Wednesday, January 9, 2008

Reserved for the Cat by Mercedes Lackey

This is one of those fantasy books that I read in a day, just for fun, because I love Mercedes Lackey. Her books are incredibly easy to get through, and are great for escaping and just reading something entertaining. Not that they are shallow. She always deals with interesting issues, usually psychological in nature, and the Elemental Masters series (of which this book is the latest) always deals with some interesting social issues as well.

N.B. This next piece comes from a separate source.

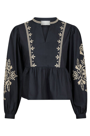 - Smuk skjortebluse fra Neo Noir med lange pufærmer, rund hals med v-udskæring og de flotteste broderet detaljer.

Every book in this series takes place in early 20th century England, but an England where magic happens, that most are not aware of. All of the main characters are female, and they all become embroiled in plots where magic is involved in some way. Throughout the stories, Lackey deals with social issues regarding women's rights, the poor and working classes, and even issues like abortion. Her women are no-nonsense people that do what needs to be done to survive. They are incredibly likable, as are most of their supporters. It is interesting to note that in this series all of the villains are also female, usually very devious and power-hungry. And they are definitely hate-able. There is also usually a love interest, but that is not the focus of the story, and he is almost never the one that actually does any rescuing. The women rescue themselves.
The Elemental Masters series is more formulaic than Lackey's Valdemar books, but I enjoy the formula, so that's okay. The books also do not need to be read in any sort of order, as they are not sequels of each other; they simply take place in the same world. In this book, the main character is a poor Parisian ballerina who is under the protection of a cat, supposedly made her protector by her vanished magician father. The cat leads her to England, where he hopes to help her create a home for herself where she will no longer suffer from poverty. She takes the name of a Russian ballerina, because her name carries no notoriety. Unfortunately, the Russian ballerina was destroyed, and had her body (and name) taken, by a nasty magical creature. When the creature discovers her name being used, she sets out to destroy the impostor. And from there, the story fits nicely into the formula, as things come more and more to a head. It all comes together right at the end for the big final showdown between the good and bad guys, with an epilogue to nicely wrap things up.
An enjoyable read, and as usual, a quick one. If I could read these books slower, I would, because I do really like them. But there is still plenty of Lackey's books that I have not read (she is extremely prolific), so when I need another quick escape for a day off, one will be there.